Torsion instability of soft solid cylinders

TL;DR

This paper investigates the torsion instability in soft cylinders under combined axial stretch and torsion, using incremental elastic theory and numerical methods to analyze stability and surface wrinkling phenomena.

Contribution

It introduces a comprehensive theoretical and numerical framework for analyzing torsion instability in soft cylinders with finite strains and axial stretch.

Findings

Identifies critical conditions for surface wrinkling under torsion.

Shows influence of material parameters on stability thresholds.

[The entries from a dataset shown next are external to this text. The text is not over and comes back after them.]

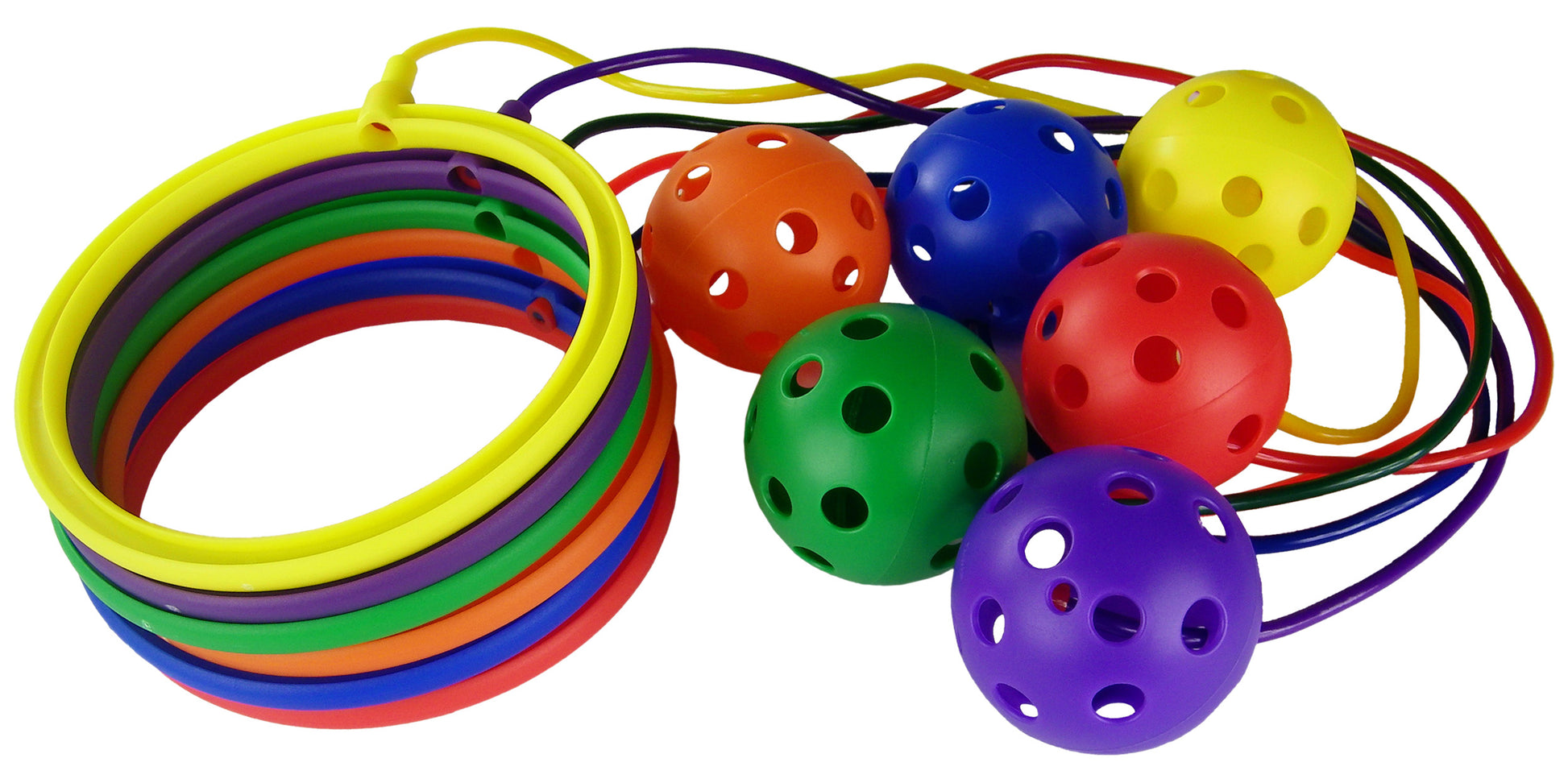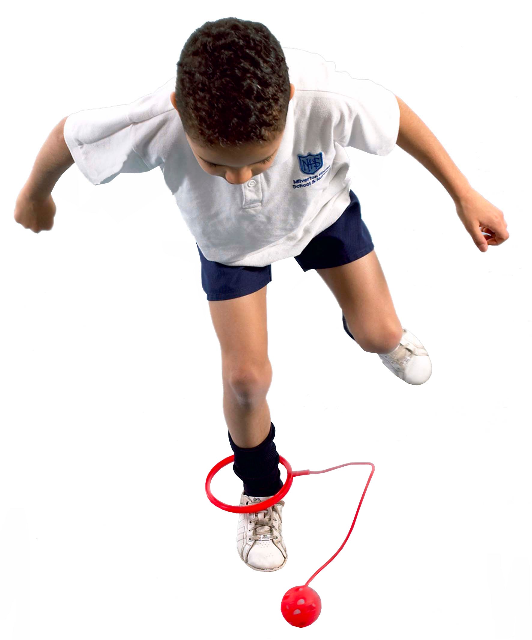 Airflow style ball attached to plastic ankle ring with PVC rope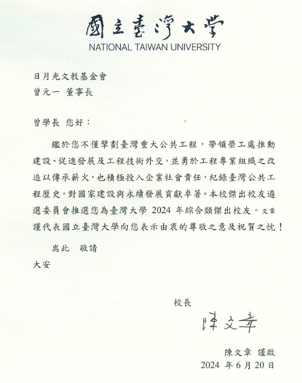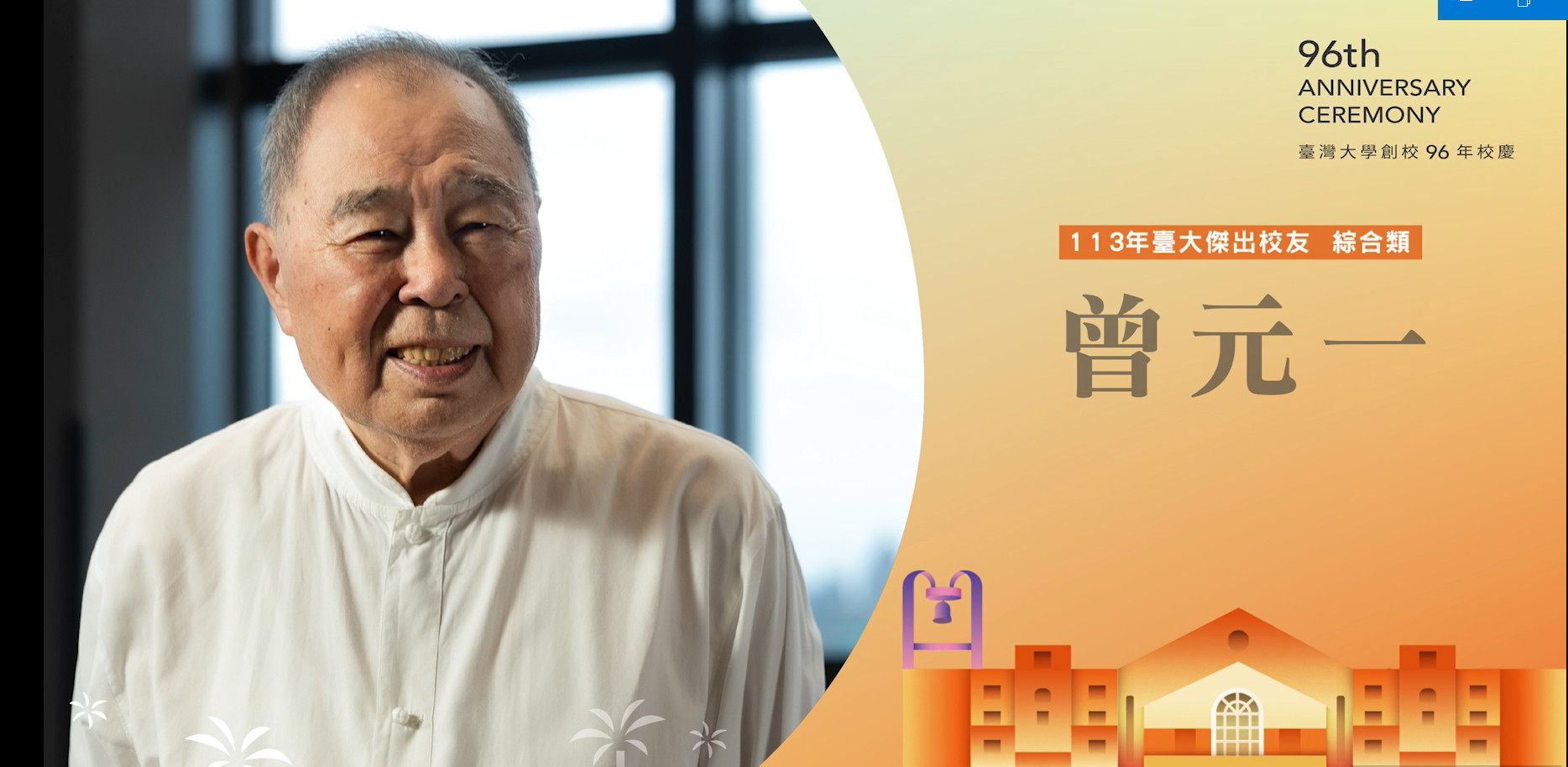 2024/11/15為臺大創校96週年校慶,上午九時於臺大綜合體育館三樓舉辦傑出校友表揚典禮,由陳文章校長主持為十位獲選的傑出校友頒獎,曾元ㄧ董事長此次榮膺傑出校友獎,榮民工程公司與日月光文教基金會同仁們皆感與有榮焉,曾元ㄧ董事長帶夫人淑梅及女兒雅君出席頒獎典禮,相關頒獎活動照片和大家分享。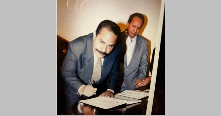 En la gráfica de hace un cuarto de siglo estoy firmando la Constitución aprobada por el soberano. Me acompaña el constituyente Liborio Guarulla, del Estado Amazonas.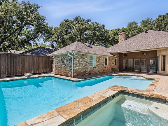 PRICE IMPROVEMENT on this Luxury Custom 1.5 Story Home with Exceptional Character. NEW Interior Paint and Carpet in 2025. Step into a light-filled entry with elegant craftsman parquet floors, which continue into the formal dining room featuring a classic tray ceiling. The spacious living area boasts new Berber carpet, a cozy brick fireplace, and custom built-ins that add warmth and character. The unique rotunda breakfast nook is a true standout, with built-in cabinetry and large windows offering peaceful views of the sparkling pool and spa—perfect for enjoying your morning coffee. The updated kitchen is a chef’s dream, complete with granite countertops, updated cabinets, a skylight, double ovens, and stainless steel appliances. The private primary suite is a serene retreat, offering a generous ensuite with double vanity sinks, a separate custom stone tiled shower, and a garden-style jetted tub for the ultimate in spa relaxation. With five bedrooms, this home provides plenty of flexibility—use the fifth bedroom as a study, home office, or mother-in-law suite. In additional there is a Game room upstairs with half bath--perfect for a pool table, play area, home business, or movie nights. Step outside to your covered patio overlooking the sparkling diving pool and spa—a private backyard oasis, complete with an herb garden and high-quality privacy fence. (Note: Pool and spa are not heated.) Enjoy all that Bent Tree West has to offer, including the nearby Swim & Tennis Center with social events, tennis and pickleball courts, a park, clubhouse, and a great sense of community. This is a rare opportunity to own a home with incredible value in one of North Dallas' most desirable neighborhoods. Come see it today and imagine the possibilities!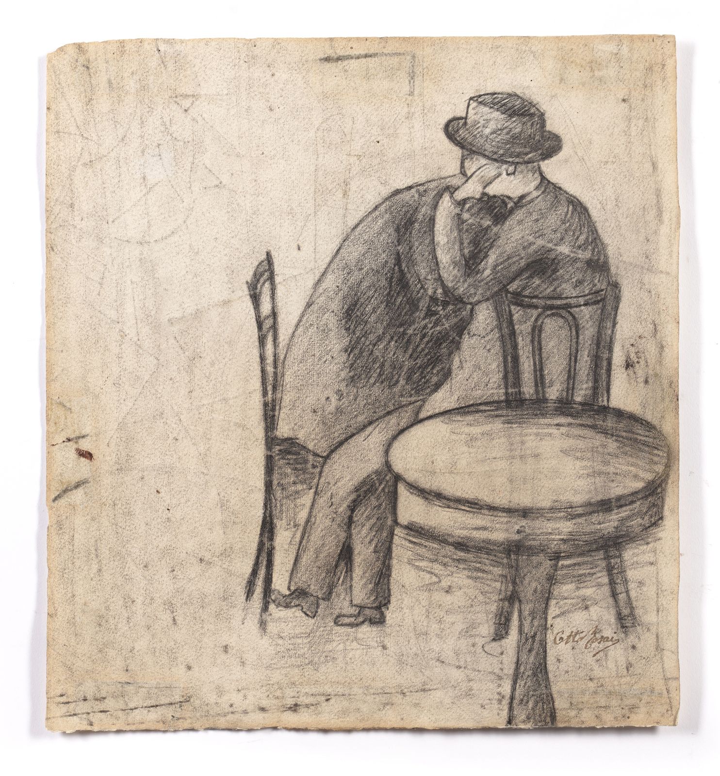 Firma in basso a destra. Studio per dipinto ad olio del 1920/1921 intitolato 'nostalgie'. Autentica a cura di Gianpietro Biasutti (copia). Pubblicazioni: Ottone Rosai, a cura di Piercarlo Santini, Vallecchi Editore, 1960, n. 363. Provenienza: Collezione Luigi Carluccio, Torino. Collezione privata, Chieti. Lievi difetti.
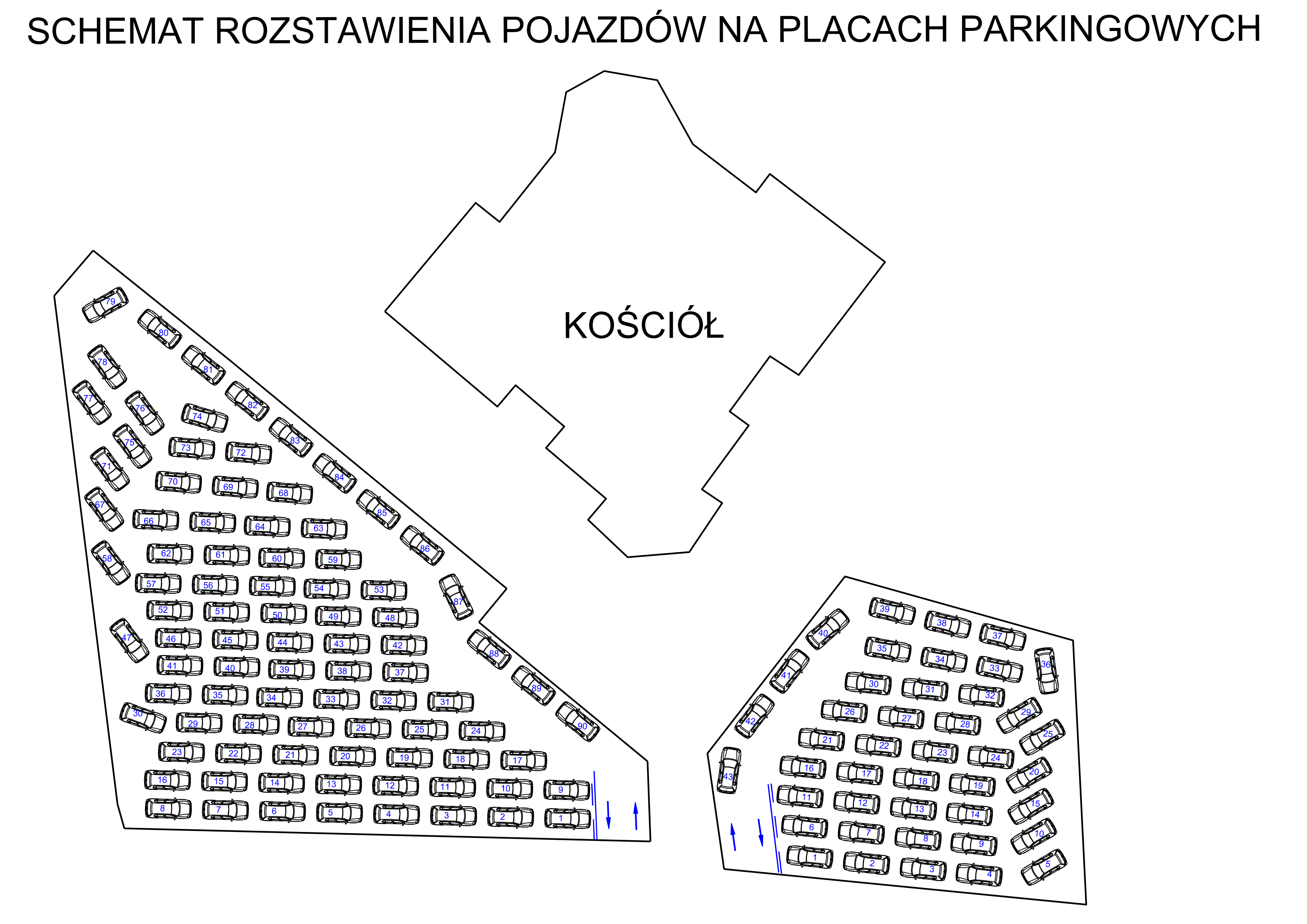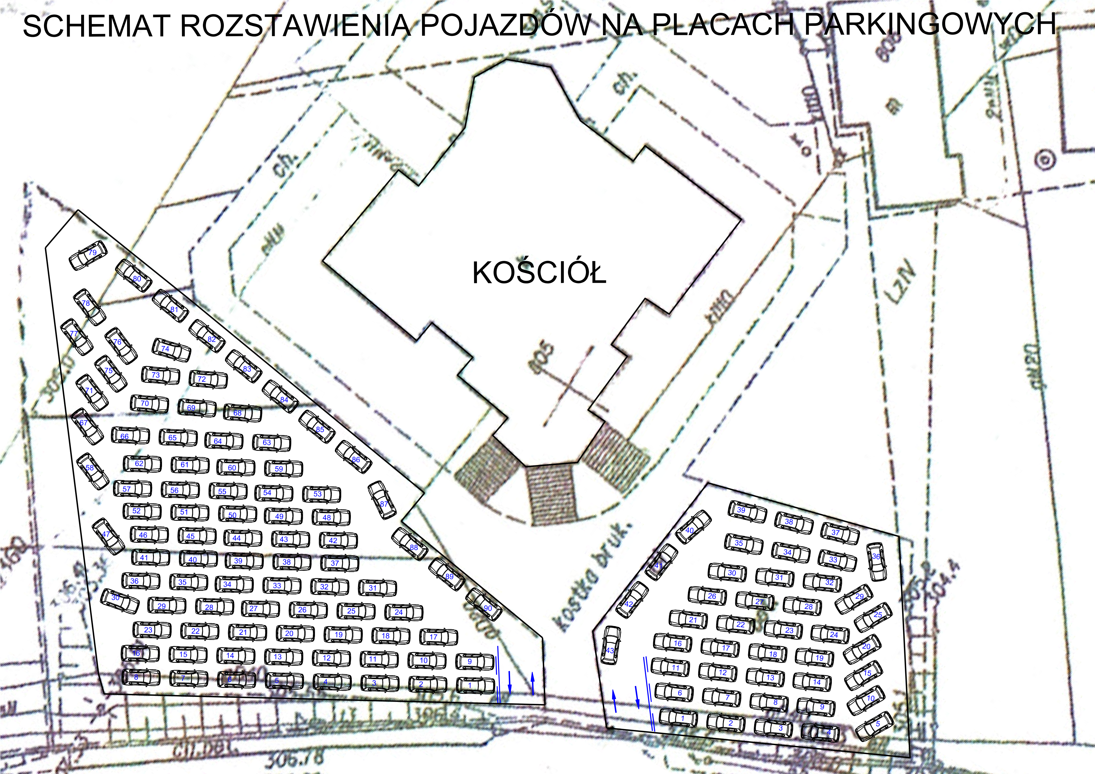 4. Na plac utwardzony kratą betonową wjeżdżamy od strony chodnika stanowiącego dojście dla wiernych do kościoła i ustawiamy samochody równolegle do ulicy Gorlickiej od strony skarp, jeden samochód za drugim w kolejności przyjazdu skierowane w kierunku wyjazdu, zachowując odległość bezpieczną między nimi dla przemieszczania się pasażerów tj. około 1m. Odległość  między kolumnami zostawiamy wielkości bezpiecznego otwierania drzwi samochodu.
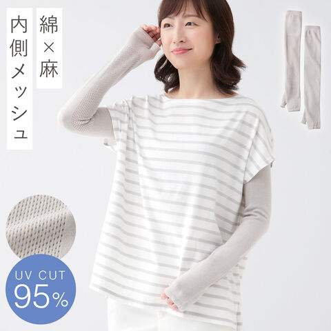 アームカバー UVカット レディース 夏 日焼け対策 uv 綿麻 ロング メッシュ 涼しい 手の甲 カバー 涼しいメッシュ編みの綿麻UVアームカバー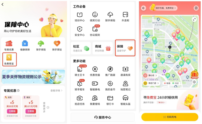 针对较多骑手反映夏季手机耗电大的问题,美团充电宝上线了骑手专享的“免费用宝”活动,骑手点击配送App保障中心的“免费用宝”入口,在指定点位借还充电宝即可享24小时免费租借福利,每位骑手还有每月两次不限归还点位的免费租借权益。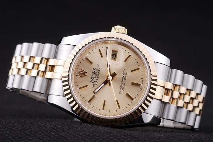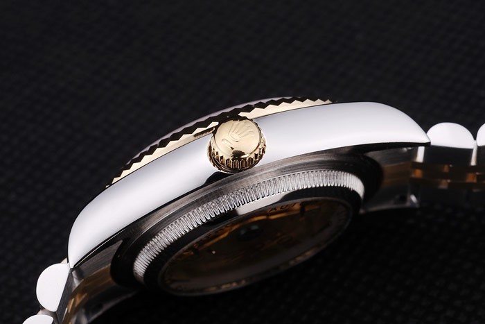 Crown: 18k yellow gold plated cutwork crown with Rolex logo engraving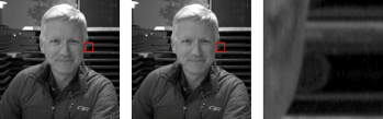 左と中央の2つのPDAF画像は非常によく似ていますが、右側の拡大図では、2つの視点間の視差を見ることができます。拡大図の中央に位置する円形部分が最もわかりやすいです。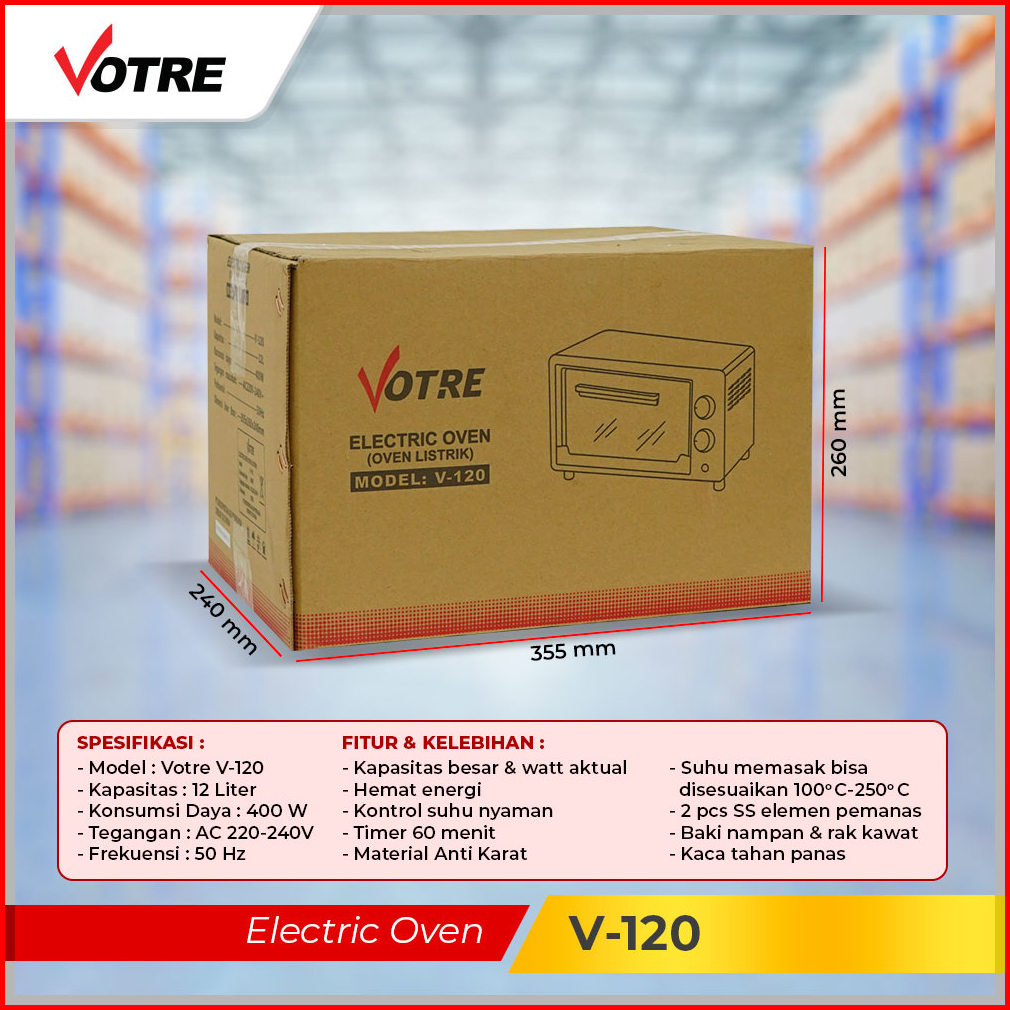 Votre V-120 Oven Listrik Murah 12 Liter 2 Element 400watt By Advance Digitals

Develops a robust numerical method for stability analysis.

Abstract

The application of pure torsion to a long and thin cylindrical rod is known to provoke a twisting instability, evolving from an initial kink to a knot. In the torsional parallel-plate rheometry of stubby cylinders, the geometrical constraints impose zero displacement of the axis of the cylinder, preventing the occurrence of such twisting instability. Under these experimental conditions, wrinkles occur on the cylinder's surface at a given critical angle of torsion. Here we investigate this subclass of elastic instability--which we call torsion instability--of soft cylinders subject to a combined finite axial stretch and torsion, by applying the theory of incremental elastic deformation superimposed on finite strains. We formulate the incremental boundary elastic problem in the Stroh differential form, and use the surface impedance method to build a robust numerical procedure for deriving the marginal stability curves. We present the results for a Mooney-Rivlin material and study the influence of the material parameters on the elastic bifurcation.